Edit. It may be curious to look at some of the high points on these plots, corresponding to large yield $g(m)$ for some composite $m$ (compared to $g(m’)$ for neighboring $m’$). Some of these are $g(15015)=536=g(p_{1755\frac12})$ (though notation $p_{k\frac12}$ is in general ambiguous since it may denote any of several composite numbers between $p_k$ and $p_{k+1}$),
$g(19635)=656=g(p_{2225\frac12})$,
$g(25025)=837=g(p_{2763\frac12})$,
$g(35035)=1072=g(p_{3734\frac12})$,
$g(45045)=1288=g(p_{4677\frac12})$, and
$g(55055)=1537=g(p_{5595\frac12})$. All of these $m$ listed above except $19635$ are multiples of $1001=7\cdot11\cdot13$. More precisely, $15015=3\cdot5\cdot7\cdot11\cdot13$,
$19635=3\cdot5\cdot7\cdot11\cdot17$,
$25025=5^2\cdot7\cdot11\cdot13$,
$35035=5\cdot7^2\cdot11\cdot13$,
$45045=3^2\cdot5\cdot7\cdot11\cdot13$,
$55055=5\cdot7\cdot11^2\cdot13$. Clearly twin-primes has something to do with Scheherazade.
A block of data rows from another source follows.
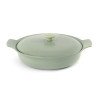 28cm žalia dengta keptuvė pagaminta iš ketaus, kuris puikiai sulaiko šilumą: tai puikus pasirinkimas lėtam maisto ruošimui ir gausiems troškiniams, ruošiamiems orkaitėje arba ant viryklės. Dangtis sulaiko drėgmę, o maži vidiniai iškilimai užtikrina, kad išgaravusios sultys patektų į maistą ir būtų itin skanu. Šioje keptuvėje reikia tik nedaug aliejaus: puikus pasirinkimas kepimui su mažu riebalų kiekiu. Plačios rankenos, kad keptuvę būtų galima saugiai suimti, net jei dėvite pirštines ar naudojate rankšluosčius.
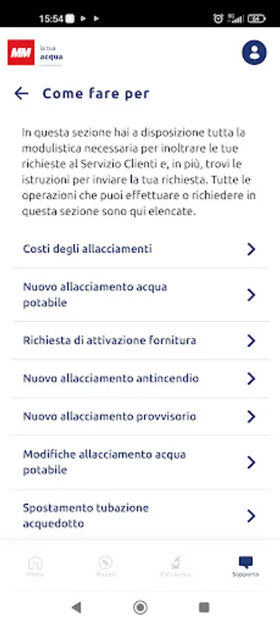 • SUPPORT: to find out how to send your requests to Customer Service, find answers to the most frequently asked questions about the service and contact channels with MM Spa, the manager of the Integrated Water Service of Milan (Emergency Response and Customer Service)
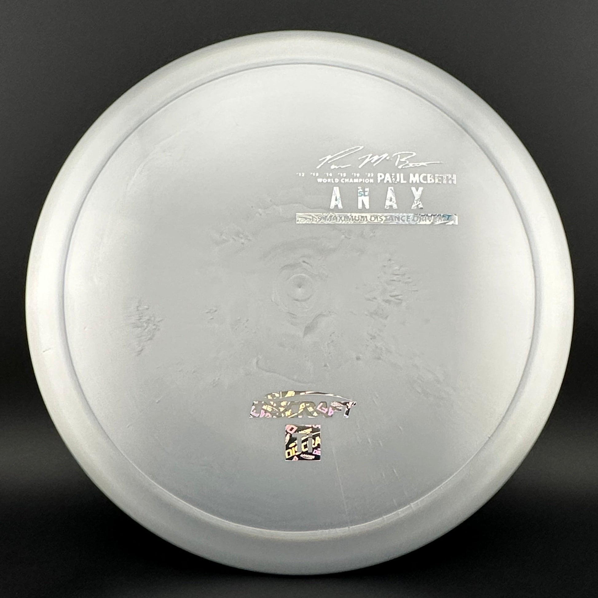 The Anax (pronounced "Onyx") is Paul McBeth's new signature fairway/power driver. This 10 speed driver will fight the wind and stay straight down the fairway before a nice fade at the end. Slower arm speeds will find this disc to be very reliable for shorter fairway drivers. Big arms can expect big distance out of the Anax.
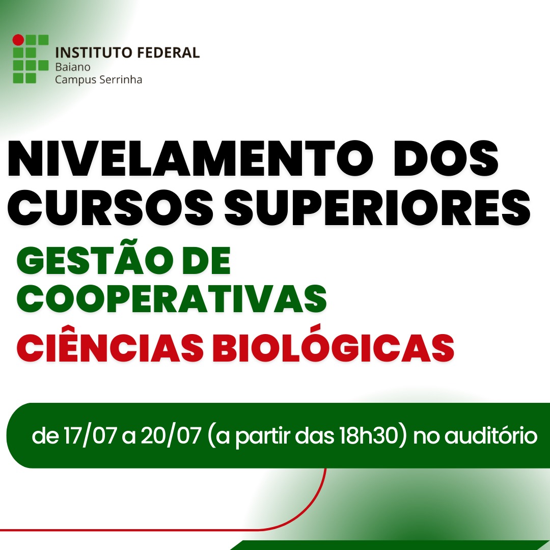O nivelamento dos cursos superiores Gestão de Cooperativas e Ciências Biológicas, ocorrerá de 17/07 a 20/07 (a partir das 18h30) no auditório.
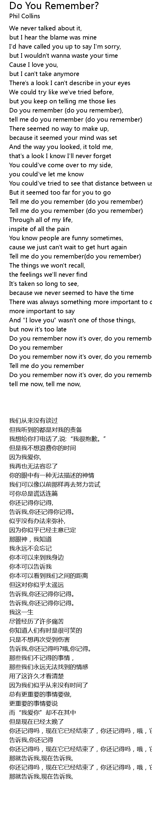 Tell me do you remember |
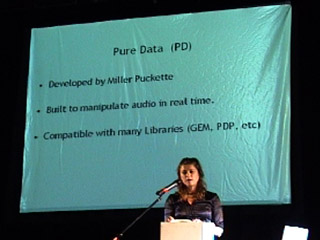 presentation will reflect upon the\cf2 experience of using Pure Data to construct an interactive program that explores the
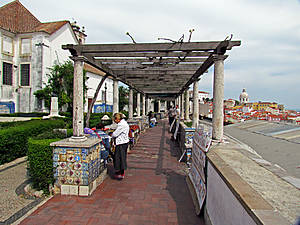 Оказалось, там находится тенистый сквер с красивым видом на реку, широкую здесь, как море. Внизу стояли военные корабли, а в самом сквере расположились художники, да пару местных заглянули просто посидеть в тишине и расслабиться. Удивило, что художники выставили здесь картины. Народу то нет. Трамвайная остановка, где высаживаются туристы, пару сотен метров выше. Кому торгуем? А потом подумалось. А может внизу на пешеходной Rua Aurea торгуют перекупщики, а сюда бегают за "добором"?
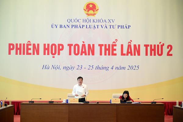 Sáng 25/4, tại Nhà Quốc hội, tiếp tục chương trình Phiên họp toàn thể lần thứ 2, dưới sự chủ trì của Phó Chủ nhiệm Ủy ban Pháp luật và Tư pháp Nguyễn Trường Giang, Ủy ban Pháp luật và Tư pháp tiến hành thẩm tra dự án Luật Cán bộ, công chức (sửa đổi).
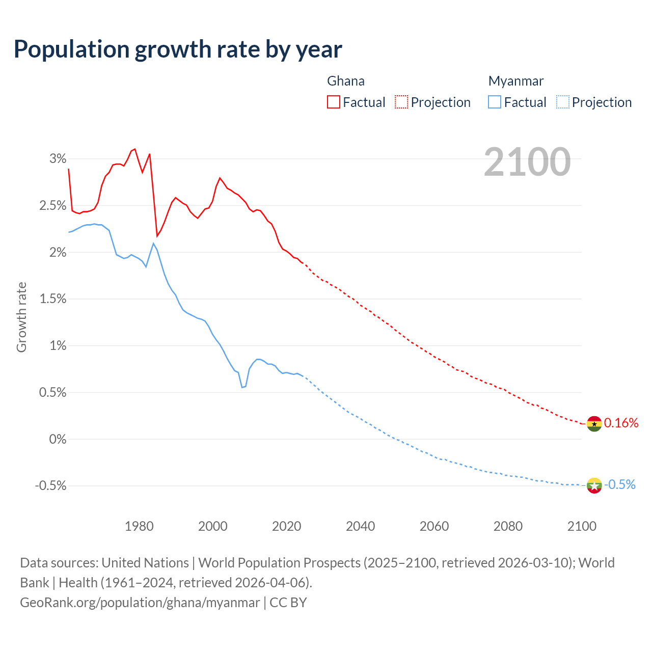 - For the last 10 years, Ghana has had an average growth rate of +2.1% per year vs +0.74% in Myanmar.
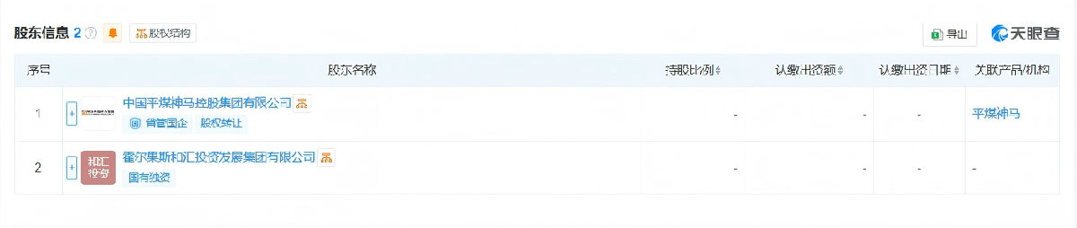 股权穿透显示,该公司由霍尔果斯和汇投资发展集团有限公司、中国平煤神马控股集团有限公司共同持股。前者为新疆霍尔果斯经济开发区伊宁园区国有资产管理中心100%控股公司;后者为河南国资委控股公司。
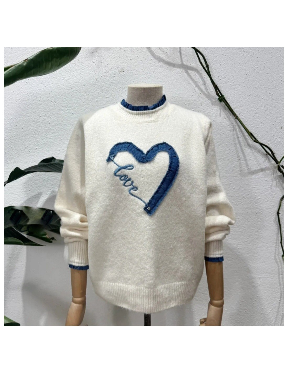 - Precioso jersey Beige con detalles Vaqueros en Puños, Cuello y parte delantera con corazón vaquero y palabra LOVE.
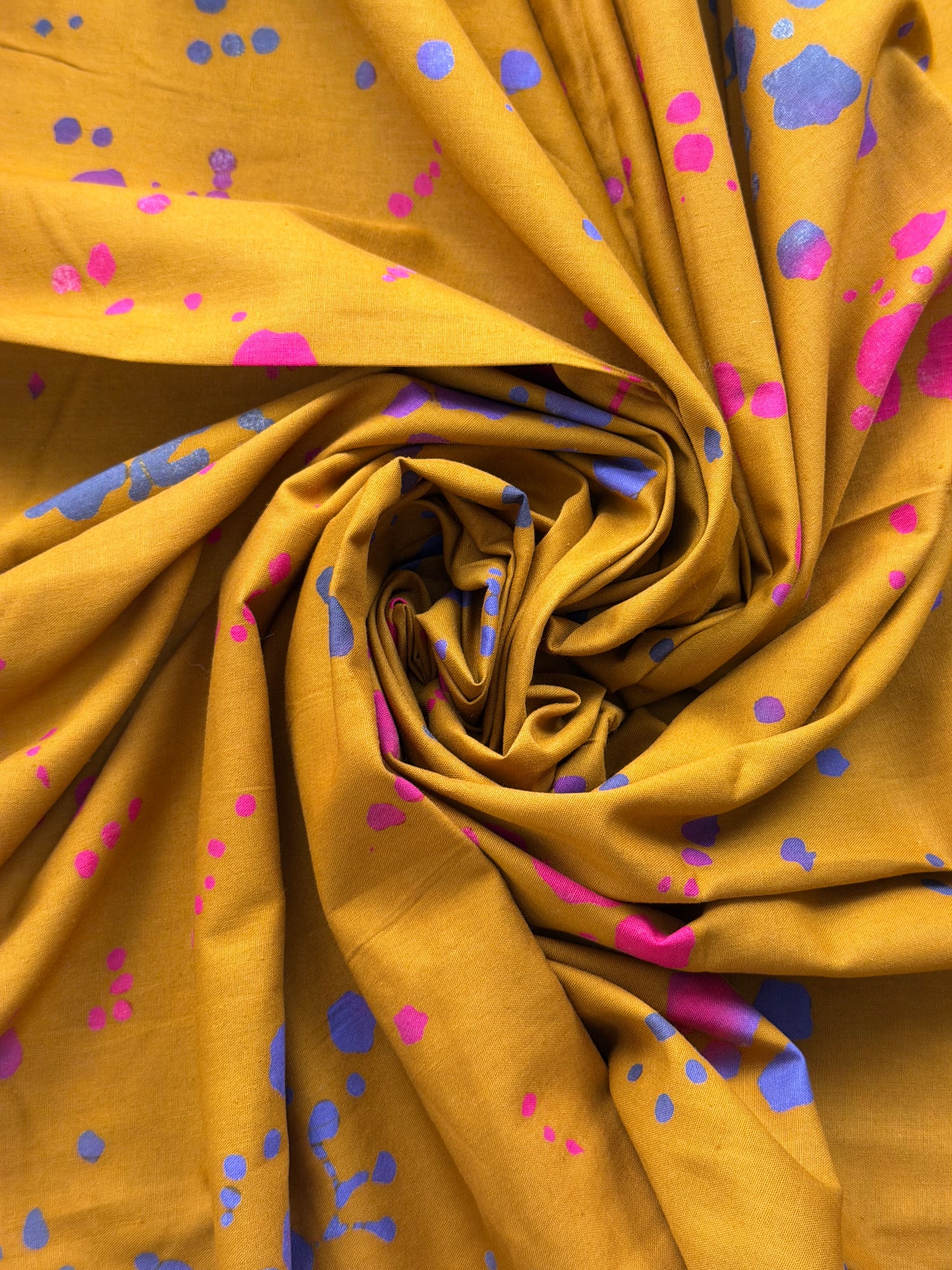 Modern Golden Rod Yellow with Pink and Purple Splatter Fabric - P258
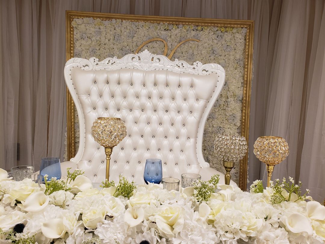 What do we Rent | Gold & Silver Chiavari chairs, White Padded Folding chairs, Royal Throne chairs + loveseat , table linens, charger plates, and pipe & draping
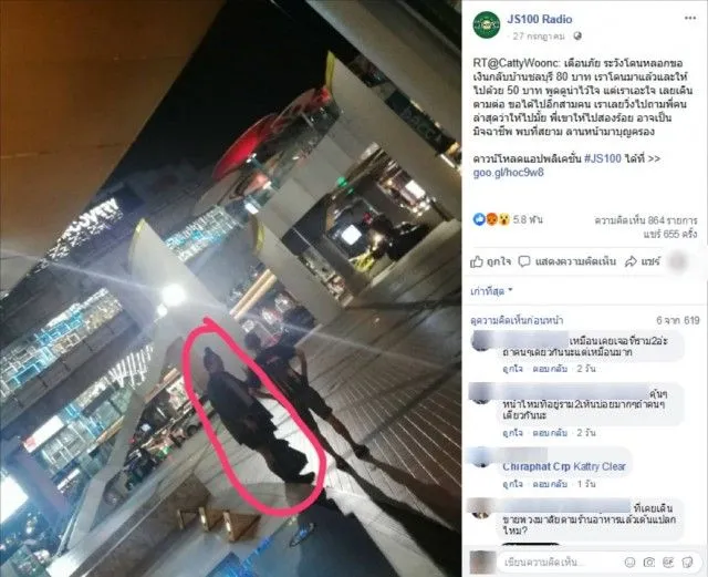 ต่อมามีผู้ใช้เฟสบุ๊คชื่อ JS100 Radio ได้ออกมาโพสต์อีก พร้อมได้ระบุข้อความว่า เตือนภัย ระวังโดนหลอกขอเงินกลับบ้านชลบุรี 80 บาท เราโดนมาแล้วและให้ไปด้วย 50 บาท พูดดูน่าไว้ใจ แต่เราเอะใจ เลยเดินตามต่อ ขอได้ไปอีกสามคน เราเลยวิ่งไปถามพี่คนล่าสุดว่าให้ไปมั้ย พี่เขาให้ไปสองร้อย อาจเป็นมิจฉาชีพ พบที่สยาม ลานหน้ามาบุญครอง
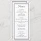 Berätta för dina gäster vad som finns på menyn för ditt bröllopsmottagande med hjälp av den moderna Gräns-minimalistiska svarta vita bröllop-temamenyn.
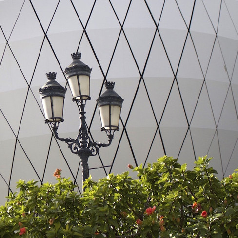 I encounter many interesting buildings on the way, various styles are mixed together. Some of them are similar like the once around the old harbor in Nice, walls painted with a strong shining color and a matching accent given by the window frames and doors. Strongly decorated buildings with arches over the entrance and dome shaped roofs are just right next to large industrialized apartment blocks, balconies which zick-zack out an inwards at the facade, giving it a modern and lively look. In the middle a high building sits prominently overlooking everything and seems to be the highest in vicinity, with a structured pattern in front of the glass facade and small bridges connecting two towers in airy hight. I enjoy to stroll around while getting on higher levels constantly.
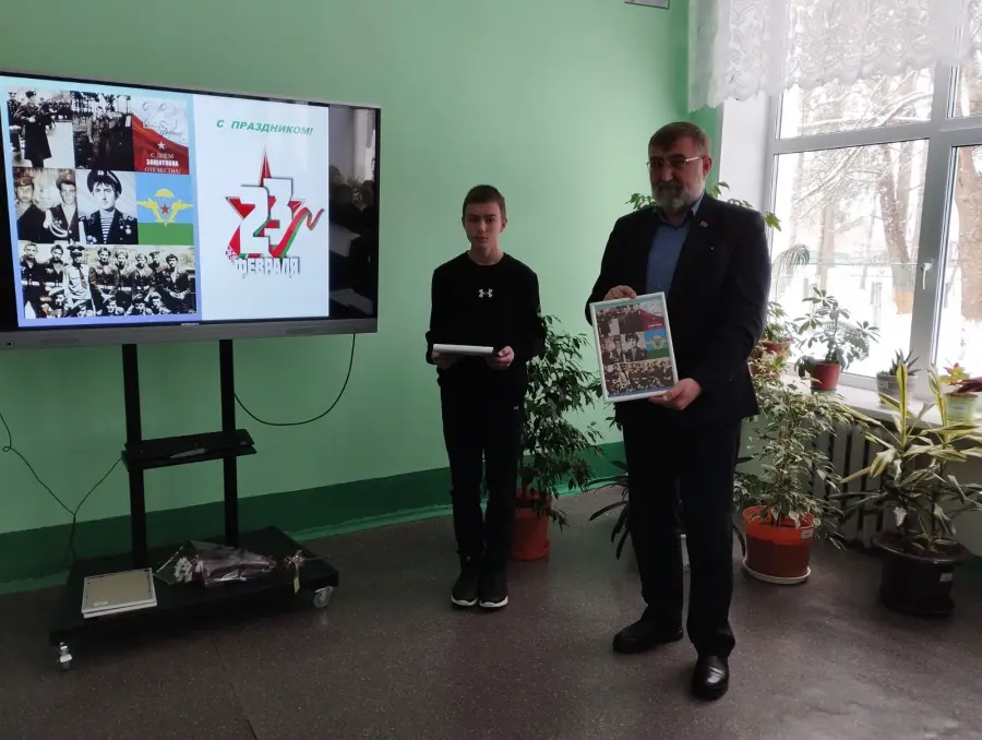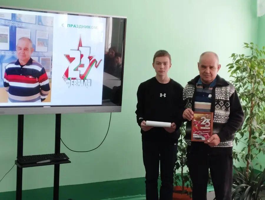 Праздник 23 февраля в школе – хороший повод для воспитания у обучающихся чувства патриотизма, сопричастности к лучшим традициям своей Родины, формирования у ребят гордости за славных защитников Отечества. Это праздник всех людей, которые стоят на страже нашей Родины. Это праздник настоящих мужчин — смелых и отважных, ловких и надёжных, а также праздник мальчиков, которые вырастут и станут защитниками Отечества. 24 февраля 2026 года в нашей школе прошло мероприятие, посвященное Дню защитника Отечества, на котором присутствовал почетный гость Зотов Олег Петрович, житель деревни Нивки Борисовского района. Ребята узнали, что он был призван в ряды Вооруженных сил СССР, служил в Афанистане, был танкистом. Службу завершил после вывода советских войск из Афганистана. Также на мероприятии присутствовали учителя-мужчины нашей школы, которые тоже поделились воспоминаниями армейской службы. Встреча прошла в темлой дружеской обстановке. Каждый мужчина получил в подарок памятный коллаж из армейских фотографий.
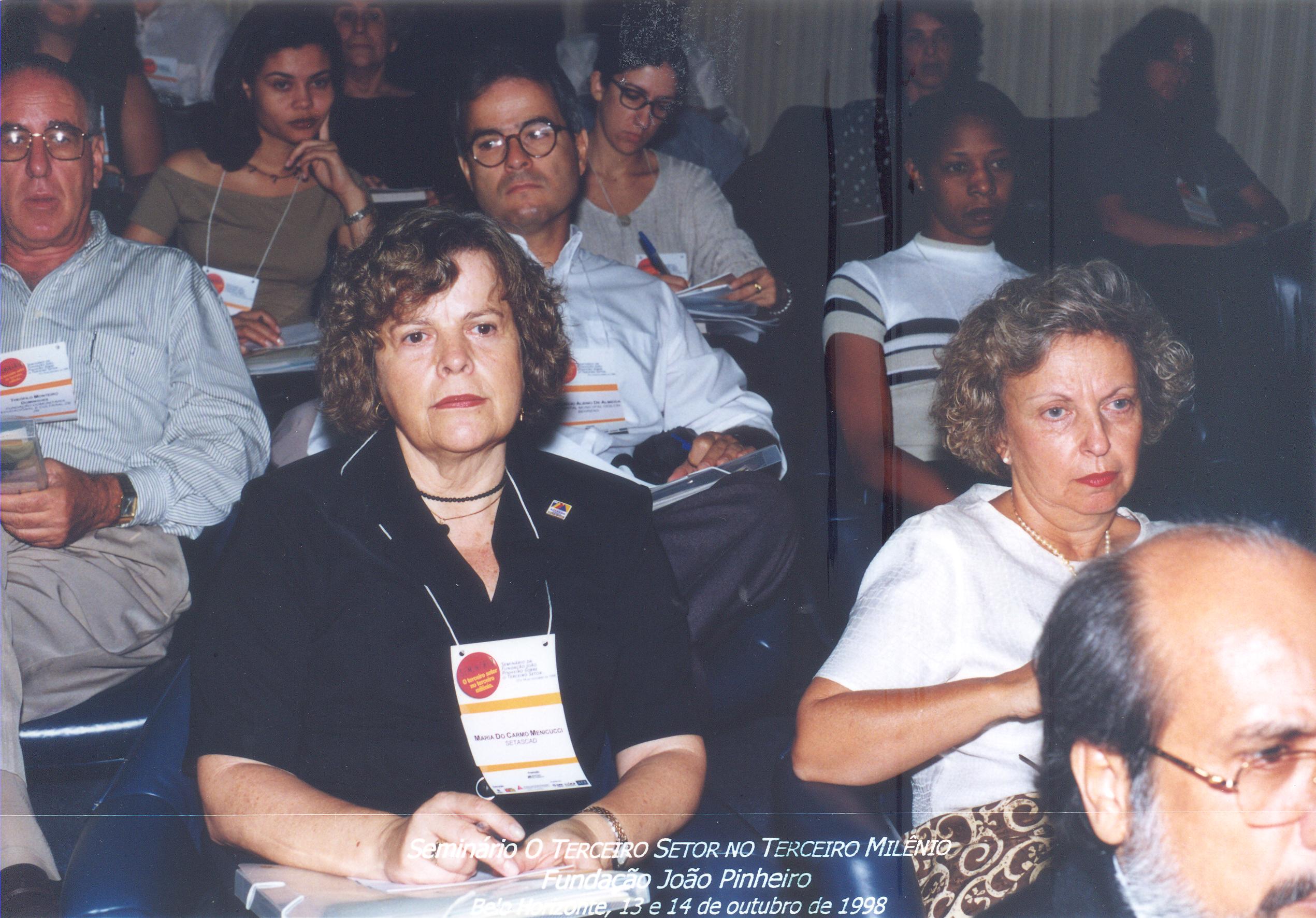 Imagem de Maria do Carmo Menecucci (a esquerda) e Maria Beatriz Gonçalves (a direita) participantes do seminário O Terceiro Setor no Terceiro Milênio, no auditório principal da Fundação João Pinheiro, ocorrido nos dias 13 e 14 de outubro de 1998.
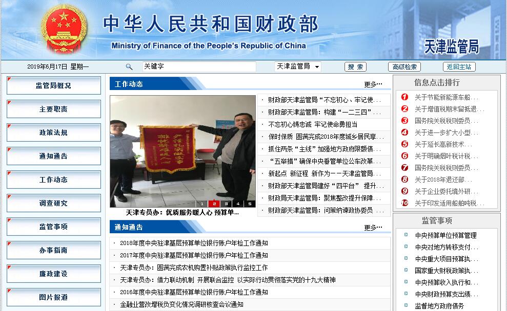 財(cái)政部天津監(jiān)管局主要職責(zé):一、貫徹落實(shí)黨中央關(guān)于財(cái)經(jīng)工作的方針政策和決策部署,在履行職責(zé)過程中堅(jiān)持和加強(qiáng)黨對財(cái)政工作的集中統(tǒng)一領(lǐng)導(dǎo),履行全面從嚴(yán)治黨責(zé)任。二、調(diào)查研究屬地經(jīng)濟(jì)發(fā)展形勢和財(cái)政運(yùn)行狀況。根據(jù)財(cái)政部授權(quán)管理屬地中央各項(xiàng)財(cái)政收支,承擔(dān)財(cái)稅法規(guī)和政策在屬地的執(zhí)行情況、預(yù)算管理有關(guān)監(jiān)督工作,向財(cái)政部提出相關(guān)政策建議。三、對屬地中央預(yù)算單位預(yù)決算編制情況進(jìn)行評估并向財(cái)政部提出審核意見。根據(jù)財(cái)政部授權(quán)對屬地中央預(yù)算單位預(yù)算執(zhí)行情況進(jìn)行監(jiān)控及分析預(yù)測。組織對中央重大財(cái)稅政策和專項(xiàng)轉(zhuǎn)移支付在屬地的執(zhí)行情況進(jìn)行績效評價(jià),提出相關(guān)改進(jìn)措施建議并跟蹤落實(shí)。四、根據(jù)財(cái)政部授權(quán)對地方政府債務(wù)實(shí)施監(jiān)控,嚴(yán)控法定限額內(nèi)債務(wù)風(fēng)險(xiǎn),防控隱性債務(wù)風(fēng)險(xiǎn),發(fā)現(xiàn)風(fēng)險(xiǎn)隱患及時(shí)提出改進(jìn)和處理意見并向財(cái)政部、地方人民政府反映報(bào)告。五、按規(guī)定權(quán)限審核審批屬地中央行政事業(yè)單位國有資產(chǎn)配置、處置等事項(xiàng)。根據(jù)財(cái)政部授權(quán)監(jiān)管屬地中央金融企業(yè)執(zhí)行財(cái)務(wù)制度等情況。六、根據(jù)財(cái)政部統(tǒng)一部署,承擔(dān)有關(guān)會(huì)計(jì)信息質(zhì)量、注冊會(huì)計(jì)師行業(yè)執(zhí)業(yè)質(zhì)量、資產(chǎn)評估行業(yè)執(zhí)業(yè)質(zhì)量監(jiān)督檢查工作,參與跨境會(huì)計(jì)監(jiān)管合作。七、完成財(cái)政部交辦的其他任務(wù)。
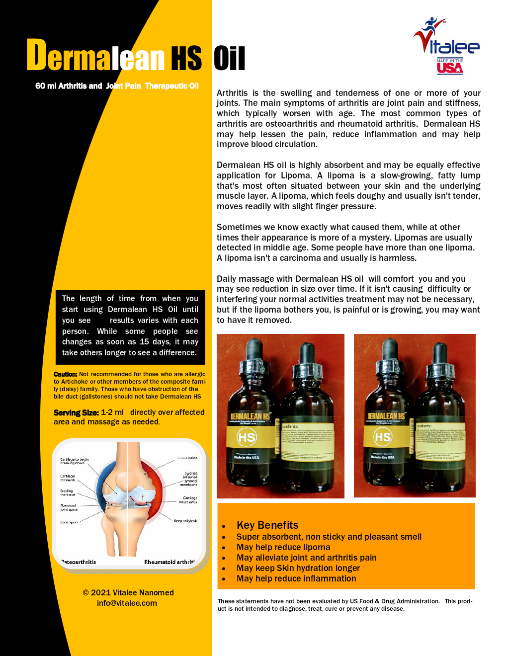 Dermalean HS is a highly absorbent oil that not only serves as an effective arthritis pain relief cream but also functions as a joint pain relief cream, offering benefits for various conditions, including lipoma. When applied to affected areas, Dermalean HS works quickly to penetrate the skin, targeting inflammation and pain at the source. Its powerful ingredients are known for their anti-inflammatory and analgesic properties, helping to soothe aching joints and improve mobility.

One may conjecture that when $m$ is highly composite (e.g. product of many, preferably different, small primes) then $g(m)$ is large. This is what the plots might suggest. (So called smooth numbers seem related, they have been studied for their applications in factoring algorithms, Wikipedia has a page on that.) One may look for a suitable sequence of odd integers, perhaps a sequence of suitably chosen(?) smooth numbers, say $\{m_i:i=1,2,3,\dots\}$ such that the plot of $g$, when restricted to these $m_i$ only, looks like a line, except that this “line” will have a “bigger slope” as compared to the “line” that goes with $g(p_k)$ for primes $p_k$.